The results show that the perceived advantage of small datasets is largely explained by increased per-image exposure (epoch count), not better generalization.

TL;DR

Smaller datasets don't produce better LoRA models; they overtrain more.

When total training samples are held constant, reducing dataset size from 400 to 25 images causes epoch count to increase from 25 to 400.

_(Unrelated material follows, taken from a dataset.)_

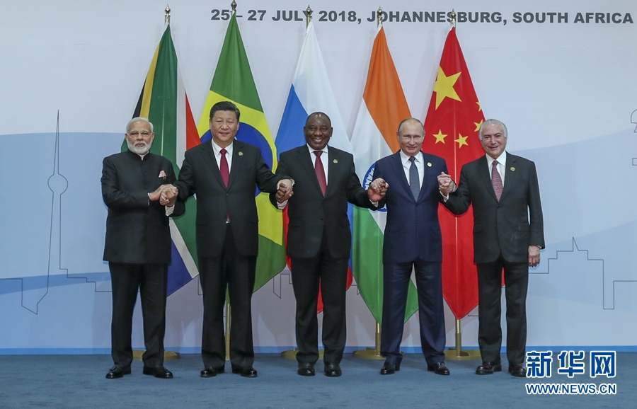 新華社約翰內斯堡7月26日電(記者李生江 陳贄 駱珺)金磚國家領導人第十次會晤26日在南非約翰內斯堡舉行。南非總統拉馬福薩主持。中國國家主席習近平、巴西總統特梅爾、俄羅斯總統普京、印度總理莫迪出席。五國領導人圍繞“金磚國家在非洲:在第四次工業革命中共謀包容增長和共同繁榮”主題,就金磚國家合作及共同關心的重大國際問題深入交換看法,達成廣泛共識。

The resulting "quality gains" in CLIP identity scores are driven by massively increased per-image exposure, not superior learning.

Batch size, the variable practitioners actually control, has almost zero independent effect on fidelity metrics. What looks like a dataset-size effect is actually a training exposure effect (mediated by epoch count).

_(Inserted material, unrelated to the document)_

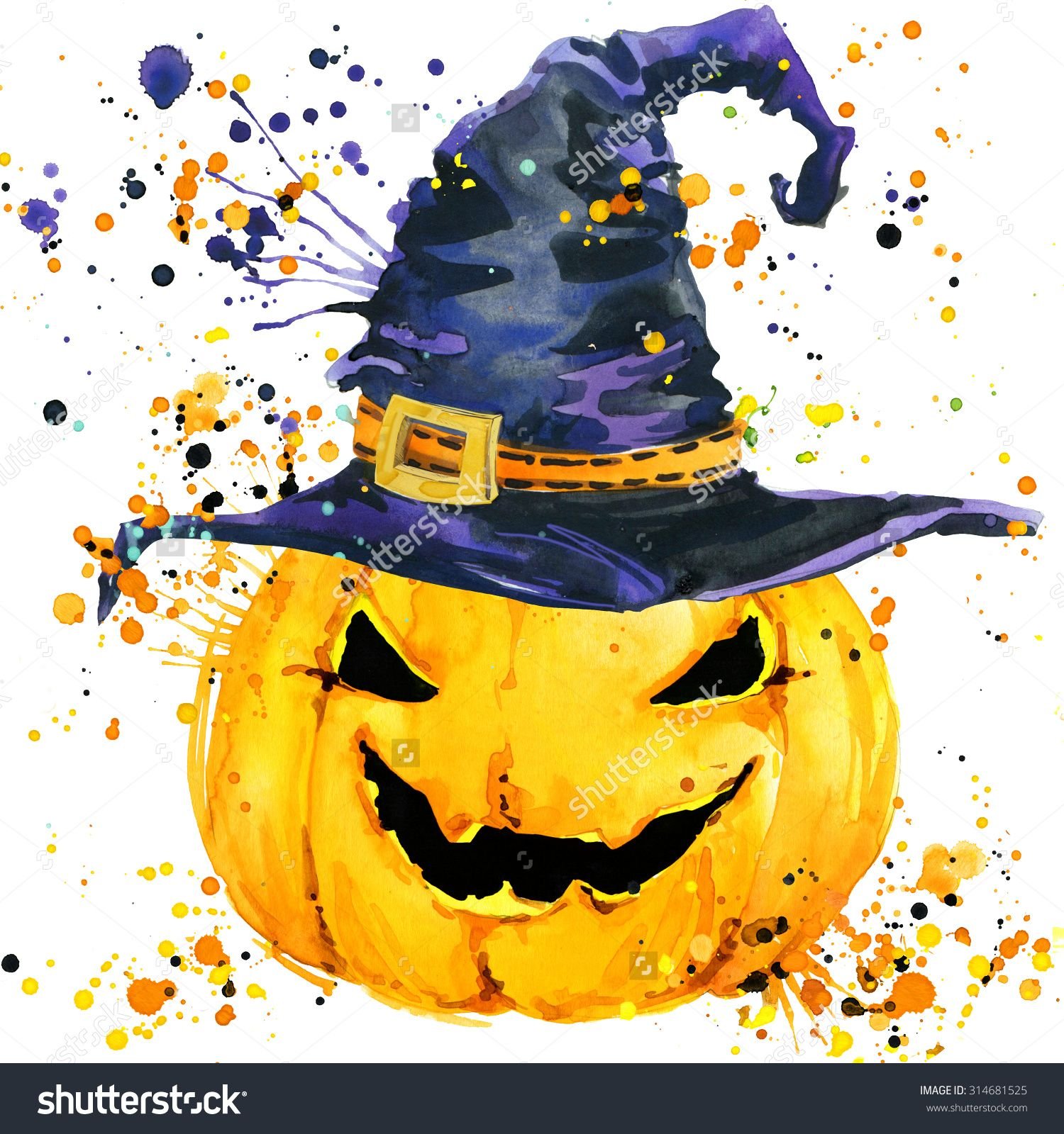 ![Тыква Хэллоуин акварель]()

Key result: CLIP identity correlates with log(epoch count) (r = +0.83) which was stronger than dataset size or batch size alone. Practitioners should treat per-image exposure (epoch count) as the primary tuning variable, rather than relying on dataset size or batch size heuristics.

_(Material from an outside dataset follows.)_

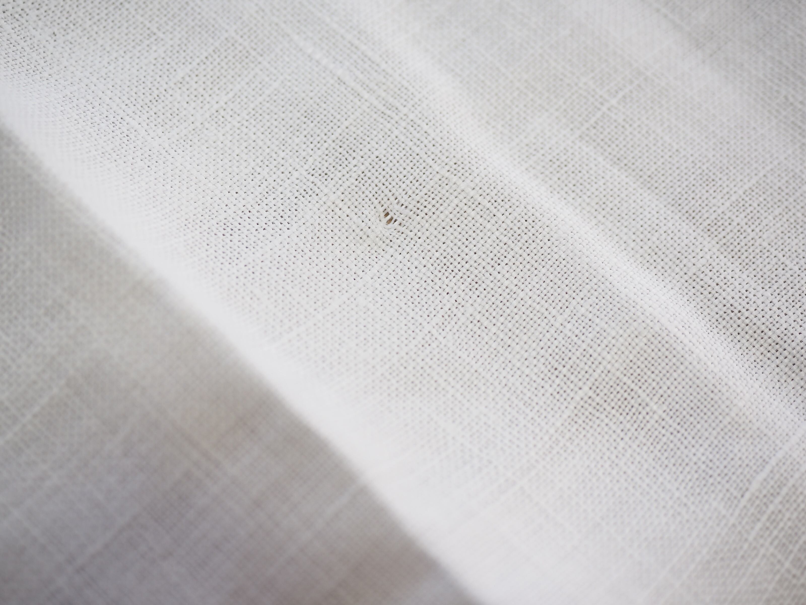 短い糸のはみ出した部分、刺繍の際刺したような針穴がございます。

Right panel shows diversity (intra-set LPIPS) increasing with epoch count (r = +0.57), but substantially more slowly than CLIP identity (r = +0.83). This asymmetric growth, strong identity gains without proportional diversity gains, is consistent with memorization rather than generalization.

Contributions

This work provides:

A controlled experimental design isolating epoch count as a confound
A reproducible LoRA evaluation pipeline
Empirical evidence against batch-size-based tuning heuristics
Visual evidence that metric dominance does not guarantee output quality, a Goodhart-like failure mode where optimization against standard metrics produces systematically worse visual outputs

1. Introduction

Low-Rank Adaptation (LoRA) has become the standard method for efficiently fine-tuning large diffusion models for specific identities, styles, and concepts. Despite widespread adoption, most training guidance remains anecdotal, with forum posts recommending specific batch sizes or dataset sizes without quantitative backing.

This study provides quantified trade-offs across 15 LoRA training runs spanning 5 dataset sizes (25, 50, 100, 200, 400 images) and 3 batch sizes (1, 2, 4), all with total training samples (steps × batch_size = 10,000) held constant. The key contributions are:

Formalized evidence that batch size recommendations (e.g., batch size = 4 from Hong & Choo 2025) do not generalize across dataset sizes
Statistical decomposition showing epoch count is the dominant predictor of CLIP identity, not dataset size or batch size independently
A reproducible evaluation framework for future LoRA studies
Evidence that smaller datasets produce higher identity scores through increased per-image exposure, with visual inspection revealing that top-scoring outputs can exhibit artifacts invisible to automated metrics

While this study focuses on a single character and training setup, the experimental design isolates a general mechanism (per-image exposure) that is likely to apply across LoRA training scenarios.

Why This Matters

Most LoRA training guides recommend specific dataset sizes or batch sizes without controlling for total training exposure. This creates a systematic bias: small datasets appear to produce higher-fidelity models, but only because they overtrain by an order of magnitude more epochs. Practitioners following this advice may unknowingly optimize for metric scores that don't reflect actual output quality.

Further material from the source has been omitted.